___ Provided data

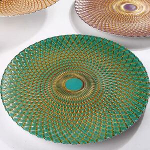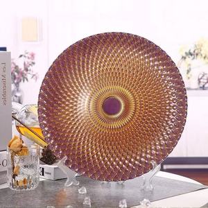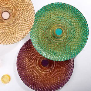 軽い高級ガラスプレート、セキセイ模様、東南アジアの金緑のフルーツプレート、洋食プレート、装飾プレート、宴会パイナップルプレート
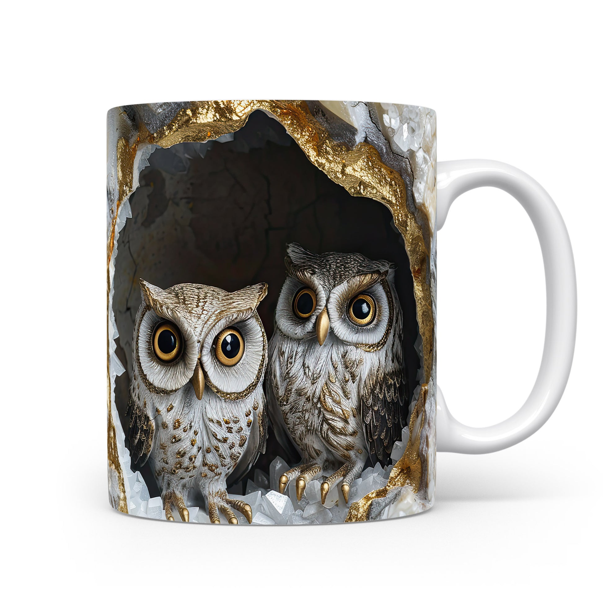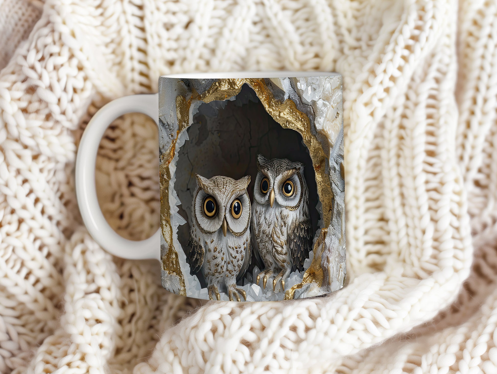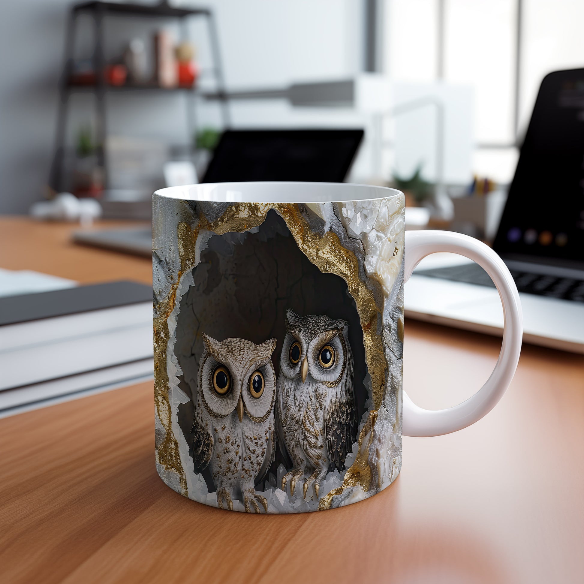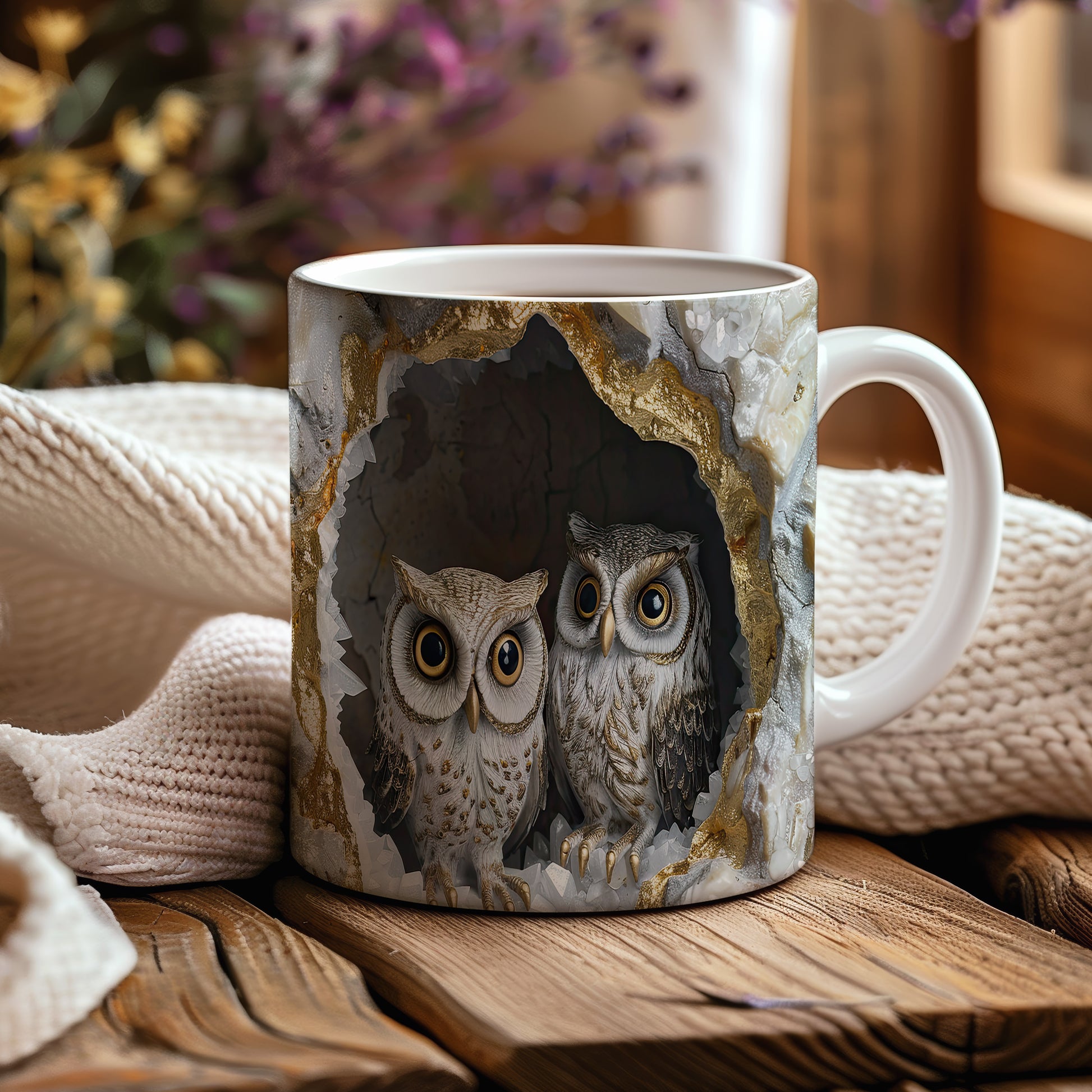 Hrnek s motivem dvou sov v jeskyni přináší přírodní atmosféru a realistické detaily. Tento hrnek je ideální pro milovníky ptáků a přírody, skvělý tip na dárek pro přátele nebo rodinu. Materiál: keramika. Objem: 330 ml. Vhodné do myčky i mikrovlnky. Užívejte si kávu nebo čaj s jedinečným designem, který oživí každý den.
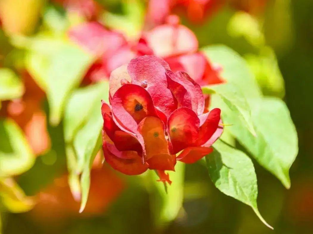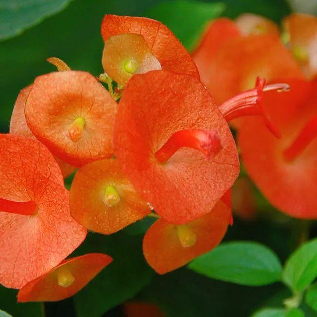 常绿灌木。花萼扩展,砖红色或橙红色,花冠管状,橙红色,自花萼中央伸出。因花萼扩展形似帽檐,故又名“帽子花”。
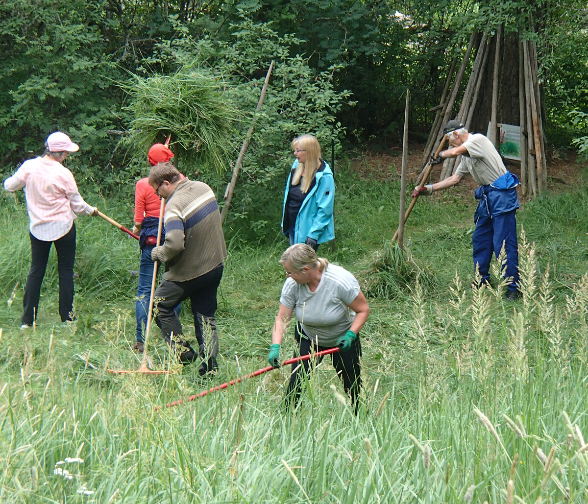 Perinteiset niittotalkoot Nautelankosken luonnonsuojelualueella heinäkuun alussa
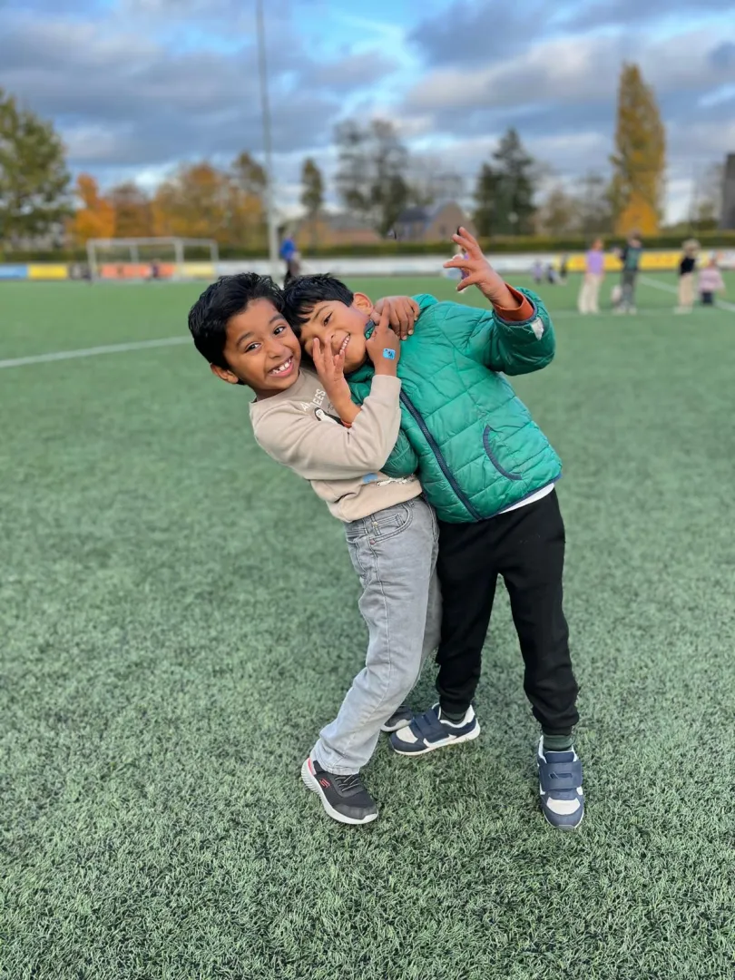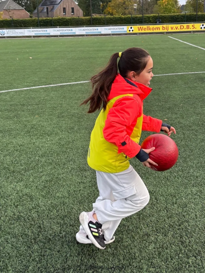 In de eerste week van oktober (van 29 september tot en met 3 oktober) begonnen we de eerste twee dagen van de maand met bewolking. We trokken de jassen aan en aan de hand van een aantal actieve spellen bleven we toch lekker warm. Er stonden weer drie leuke spellen op het programma, namelijk: het koeriersspel, supertikkertje en doelentrefbal. Bij supertikkertje zijn alle kinderen de tikker. Ook de tikkers moeten bij dit spel opletten, want je kan door iedereen afgetikt worden! Word je getikt, dan moet je uit het veld. Je moet vervolgens heel goed onthouden wie jou heeft getikt, want als diegene af wordt getikt door iemand anders mag je zelf weer meedoen! De kinderen zijn groots fan van dit soort spelvarianten en de fanatieke kant van de kinderen kwam daardoor naar boven. Iedereen deed zijn best en het werd een spannend spel! Op dinsdag stond er een nieuwe activiteit op het programma voor de jongste kinderen, namelijk octopus tikkertje. Bij dit spel heeft elke tikker een hoepel vast. Als de tikker iemand tikt, wordt diegene een ‘’tentakel’’ en pakt diegene dezelfde hoepel vast. Zo gaan de kinderen samen tikken. Dit spel was een leuke activiteit om het samenspel en de samenwerking tussen de kinderen te stimuleren. Kinderen leren zo om rekening te houden met elkaar, omdat bijvoorbeeld niet iedereen op hetzelfde tempo loopt. Op woensdag hadden de Slingertouw scholen een studiedag. In de ochtend mochten de kinderen zelf kiezen welke activiteit ze graag wilden doen. Na het succes van maandag kozen de kinderen superbal. Veel van de jongste kinderen kenden dit spel nog niet, maar met behulp van de oudere kinderen hadden ze het spel zo door. Ondanks het grote leeftijdsverschil tussen de kinderen kon iedereen meedoen en kon iedereen de bal veroveren. De gehele groep was dan ook enthousiast over het spel. Leuk om te zien dat iedereen zo betrokken werd! We sloten de week af met politie en boefje, trefbal met levende pionnen en een nieuwe voetbalactiviteit, namelijk: Scoren als Vivianne!
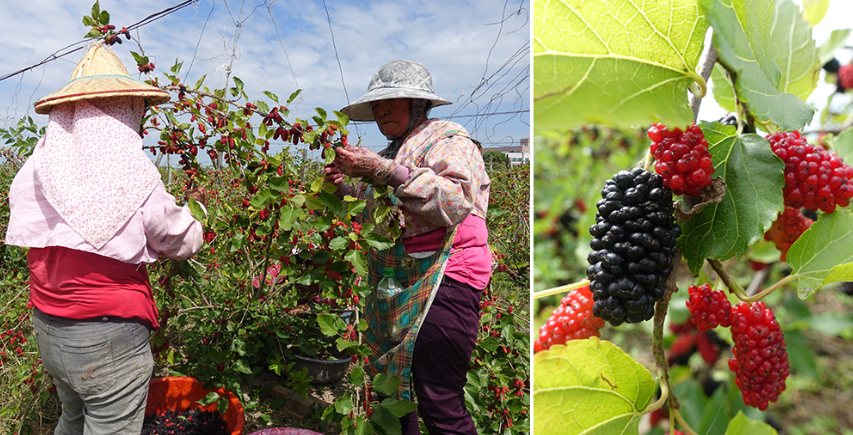 位在屏東的桑葚,每年都會產出甜蜜的黑鑽石桑葚,是陳大哥經過三十年的時間研究,比一般的桑葚果實大上三倍之多。其含有豐富的鐵質、花青素和白藜蘆醇,可說是很有價值的小果物呢!
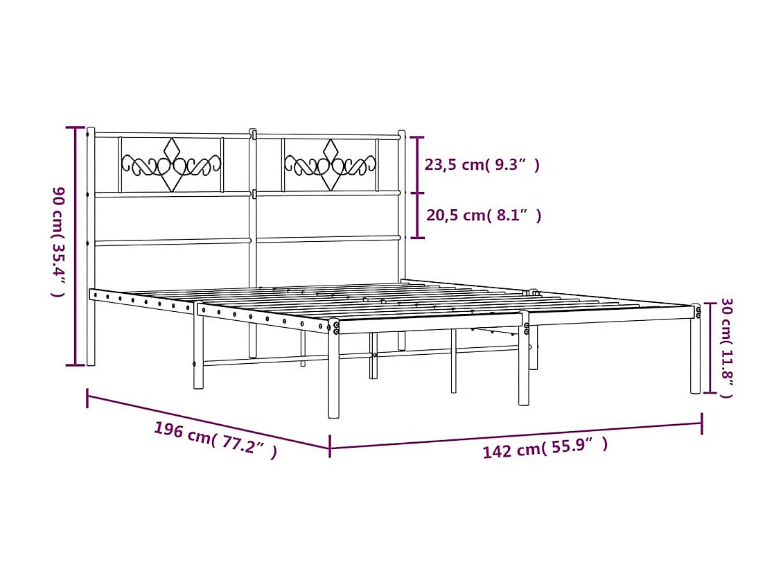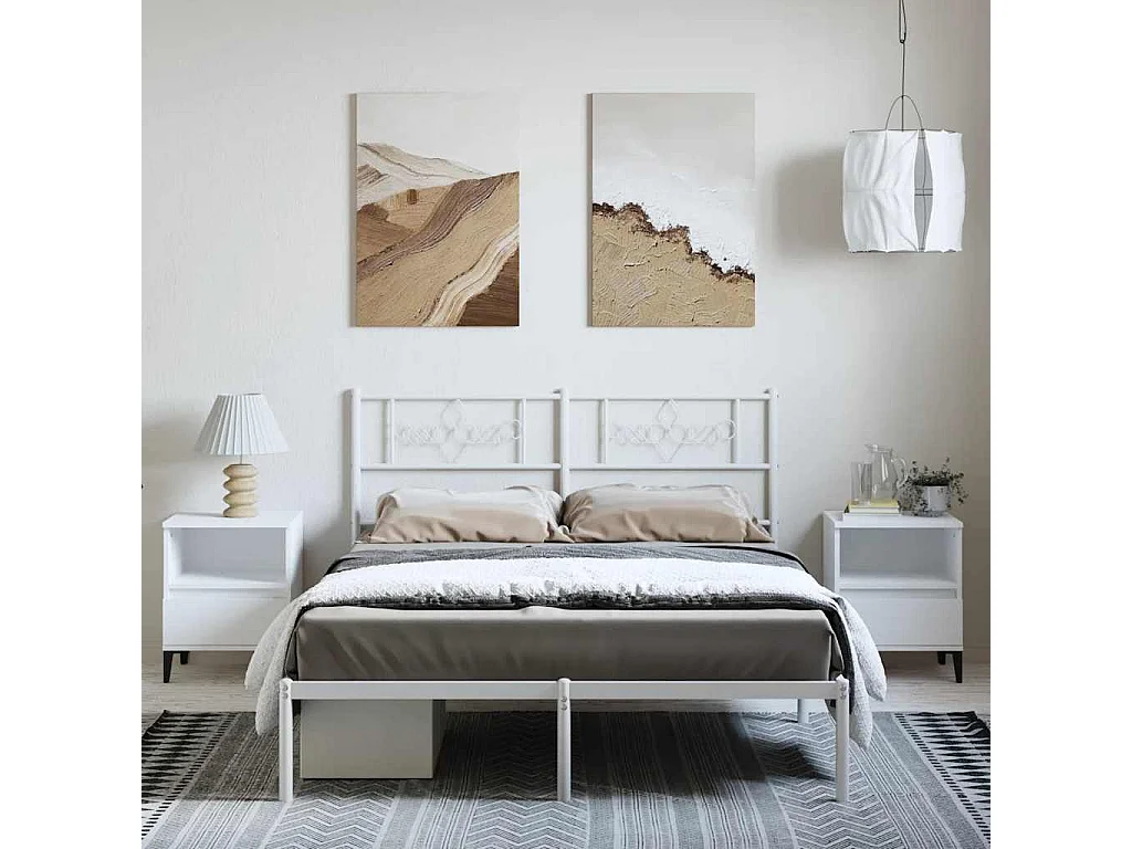 Lit double | Lit adulte | Cadre de lit métal et tête de lit blanc 135x190 cm
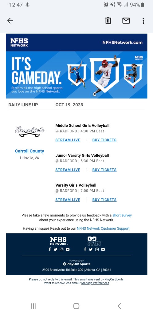 Officially, the Junior Varsity Volleyball π team will close out their season in Radford at 5:30 against the Bobcats. Head Coach Jason Petty and his Cavaliers did not make the Top Four in the District this season so tonight’s match is the final one on the season.

______

[Work to be completed]:
The whole listing above needs to be copied exactly; please keep the pictures out.

[Result for this task]:
 軽い高級ガラスプレート、セキセイ模様、東南アジアの金緑のフルーツプレート、洋食プレート、装飾プレート、宴会パイナップルプレート
 Hrnek s motivem dvou sov v jeskyni přináší přírodní atmosféru a realistické detaily. Tento hrnek je ideální pro milovníky ptáků a přírody, skvělý tip na dárek pro přátele nebo rodinu. Materiál: keramika. Objem: 330 ml. Vhodné do myčky i mikrovlnky. Užívejte si kávu nebo čaj s jedinečným designem, který oživí každý den.
 常绿灌木。花萼扩展,砖红色或橙红色,花冠管状,橙红色,自花萼中央伸出。因花萼扩展形似帽檐,故又名“帽子花”。
 Perinteiset niittotalkoot Nautelankosken luonnonsuojelualueella heinäkuun alussa
 In de eerste week van oktober (van 29 september tot en met 3 oktober) begonnen we de eerste twee dagen van de maand met bewolking. We trokken de jassen aan en aan de hand van een aantal actieve spellen bleven we toch lekker warm. Er stonden weer drie leuke spellen op het programma, namelijk: het koeriersspel, supertikkertje en doelentrefbal. Bij supertikkertje zijn alle kinderen de tikker. Ook de tikkers moeten bij dit spel opletten, want je kan door iedereen afgetikt worden! Word je getikt, dan moet je uit het veld. Je moet vervolgens heel goed onthouden wie jou heeft getikt, want als diegene af wordt getikt door iemand anders mag je zelf weer meedoen! De kinderen zijn groots fan van dit soort spelvarianten en de fanatieke kant van de kinderen kwam daardoor naar boven. Iedereen deed zijn best en het werd een spannend spel! Op dinsdag stond er een nieuwe activiteit op het programma voor de jongste kinderen, namelijk octopus tikkertje. Bij dit spel heeft elke tikker een hoepel vast. Als de tikker iemand tikt, wordt diegene een ‘’tentakel’’ en pakt diegene dezelfde hoepel vast. Zo gaan de kinderen samen tikken. Dit spel was een leuke activiteit om het samenspel en de samenwerking tussen de kinderen te stimuleren. Kinderen leren zo om rekening te houden met elkaar, omdat bijvoorbeeld niet iedereen op hetzelfde tempo loopt. Op woensdag hadden de Slingertouw scholen een studiedag. In de ochtend mochten de kinderen zelf kiezen welke activiteit ze graag wilden doen. Na het succes van maandag kozen de kinderen superbal. Veel van de jongste kinderen kenden dit spel nog niet, maar met behulp van de oudere kinderen hadden ze het spel zo door. Ondanks het grote leeftijdsverschil tussen de kinderen kon iedereen meedoen en kon iedereen de bal veroveren. De gehele groep was dan ook enthousiast over het spel. Leuk om te zien dat iedereen zo betrokken werd! We sloten de week af met politie en boefje, trefbal met levende pionnen en een nieuwe voetbalactiviteit, namelijk: Scoren als Vivianne!
 位在屏東的桑葚,每年都會產出甜蜜的黑鑽石桑葚,是陳大哥經過三十年的時間研究,比一般的桑葚果實大上三倍之多。其含有豐富的鐵質、花青素和白藜蘆醇,可說是很有價值的小果物呢!
 Lit double | Lit adulte | Cadre de lit métal et tête de lit blanc 135x190 cm
 Officially, the Junior Varsity Volleyball π team will close out their season in Radford at 5:30 against the Bobcats. Head Coach Jason Petty and his Cavaliers did not make the Top Four in the District this season so tonight’s match is the final one on the season.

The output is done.